◆ **Dataset content**:
· · · ·

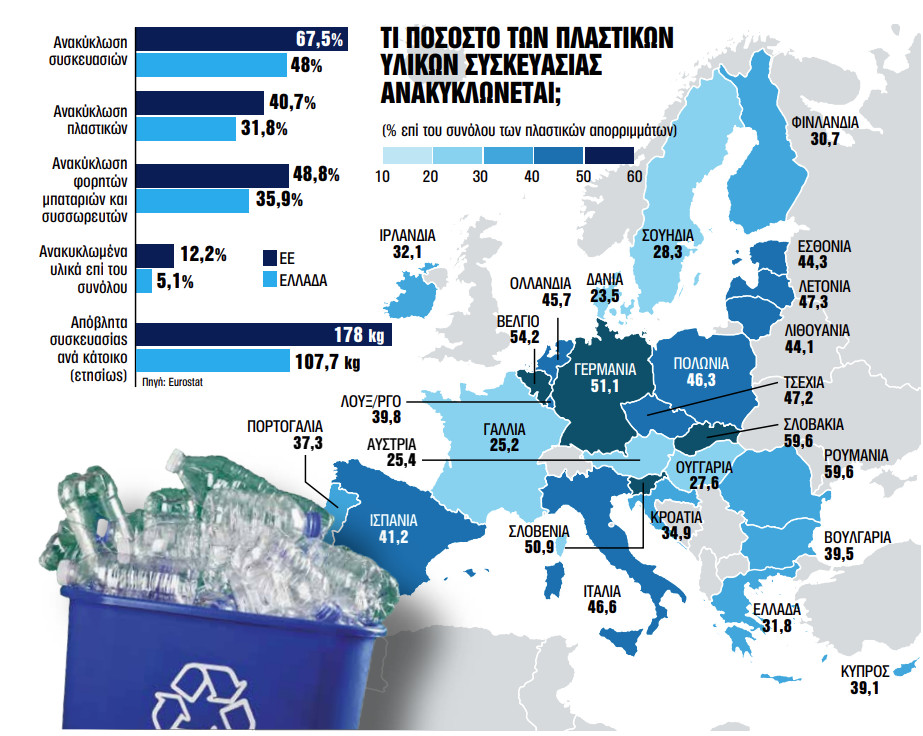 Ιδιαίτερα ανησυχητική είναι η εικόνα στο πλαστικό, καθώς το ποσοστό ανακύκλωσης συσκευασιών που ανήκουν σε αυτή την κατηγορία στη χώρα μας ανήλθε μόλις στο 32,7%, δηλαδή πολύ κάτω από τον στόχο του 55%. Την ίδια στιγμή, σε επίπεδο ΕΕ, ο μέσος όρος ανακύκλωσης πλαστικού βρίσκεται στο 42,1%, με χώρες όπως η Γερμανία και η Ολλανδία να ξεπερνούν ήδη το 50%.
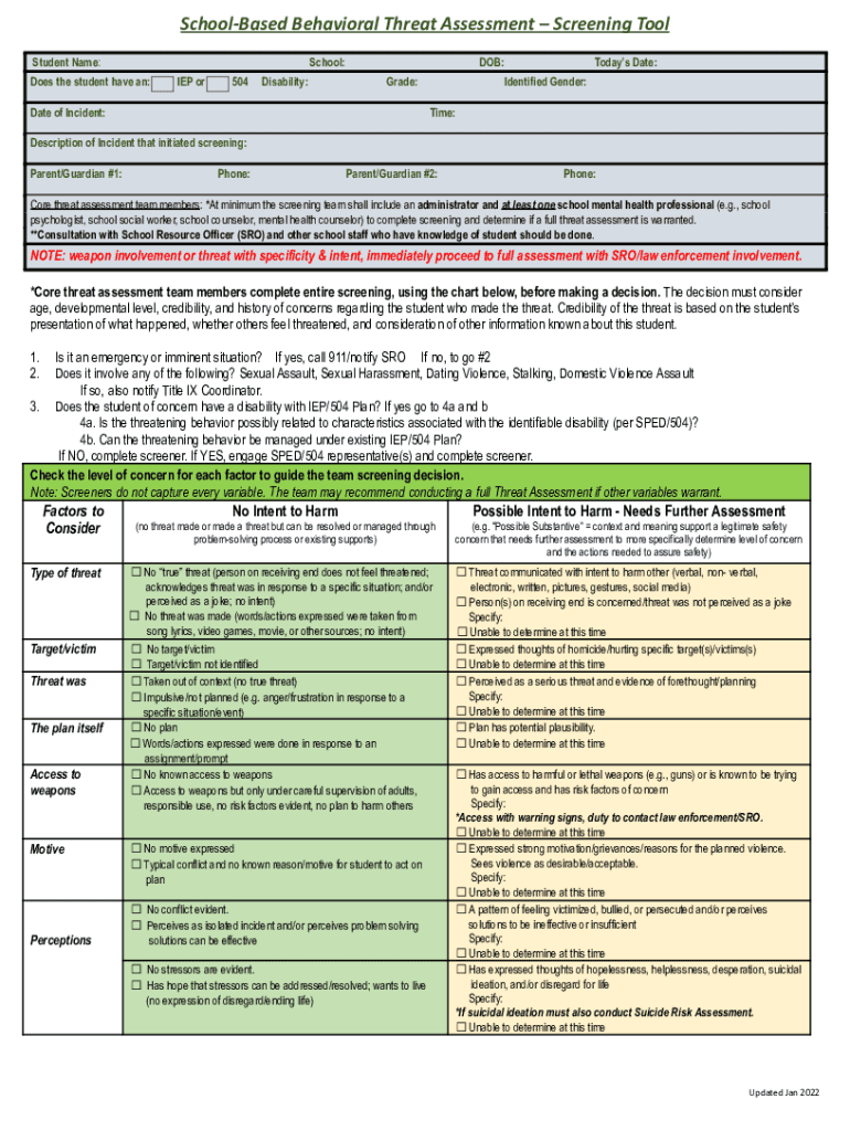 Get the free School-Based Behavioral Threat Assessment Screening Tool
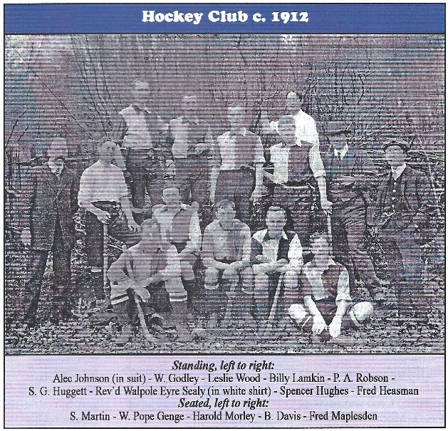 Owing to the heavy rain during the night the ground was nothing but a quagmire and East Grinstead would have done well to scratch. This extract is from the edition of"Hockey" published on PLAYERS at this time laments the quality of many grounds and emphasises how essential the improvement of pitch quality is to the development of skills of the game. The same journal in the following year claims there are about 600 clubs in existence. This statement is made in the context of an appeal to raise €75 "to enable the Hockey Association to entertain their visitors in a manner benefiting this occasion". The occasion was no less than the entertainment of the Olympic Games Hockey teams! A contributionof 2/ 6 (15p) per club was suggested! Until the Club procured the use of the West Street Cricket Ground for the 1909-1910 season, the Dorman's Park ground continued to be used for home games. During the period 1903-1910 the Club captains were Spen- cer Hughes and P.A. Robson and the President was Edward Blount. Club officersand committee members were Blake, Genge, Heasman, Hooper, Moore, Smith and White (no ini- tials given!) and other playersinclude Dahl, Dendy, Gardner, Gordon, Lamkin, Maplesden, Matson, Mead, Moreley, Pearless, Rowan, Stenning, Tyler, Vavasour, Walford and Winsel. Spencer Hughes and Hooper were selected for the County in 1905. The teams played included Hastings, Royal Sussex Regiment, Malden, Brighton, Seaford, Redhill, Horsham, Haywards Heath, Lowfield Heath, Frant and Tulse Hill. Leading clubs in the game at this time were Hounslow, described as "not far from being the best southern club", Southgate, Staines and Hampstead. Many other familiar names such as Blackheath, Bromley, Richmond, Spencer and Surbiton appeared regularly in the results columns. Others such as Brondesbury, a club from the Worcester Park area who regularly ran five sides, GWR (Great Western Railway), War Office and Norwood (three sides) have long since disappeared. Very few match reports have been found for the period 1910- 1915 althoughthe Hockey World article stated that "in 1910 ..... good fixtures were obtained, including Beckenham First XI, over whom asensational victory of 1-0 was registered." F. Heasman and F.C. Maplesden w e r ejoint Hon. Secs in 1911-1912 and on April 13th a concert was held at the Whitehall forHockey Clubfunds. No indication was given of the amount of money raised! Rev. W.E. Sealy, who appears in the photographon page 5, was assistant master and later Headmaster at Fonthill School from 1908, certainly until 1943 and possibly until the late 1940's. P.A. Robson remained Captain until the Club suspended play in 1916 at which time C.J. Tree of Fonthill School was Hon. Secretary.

· · · ·

◆ **Try it**: Begin at the first line of the listing and print each line exactly. Stop after the line containing "Get the free", and omit all pictures.

◆ **Solution for this exercise**:
 Ιδιαίτερα ανησυχητική είναι η εικόνα στο πλαστικό, καθώς το ποσοστό ανακύκλωσης συσκευασιών που ανήκουν σε αυτή την κατηγορία στη χώρα μας ανήλθε μόλις στο 32,7%, δηλαδή πολύ κάτω από τον στόχο του 55%. Την ίδια στιγμή, σε επίπεδο ΕΕ, ο μέσος όρος ανακύκλωσης πλαστικού βρίσκεται στο 42,1%, με χώρες όπως η Γερμανία και η Ολλανδία να ξεπερνούν ήδη το 50%.
 Get the free School-Based Behavioral Threat Assessment Screening Tool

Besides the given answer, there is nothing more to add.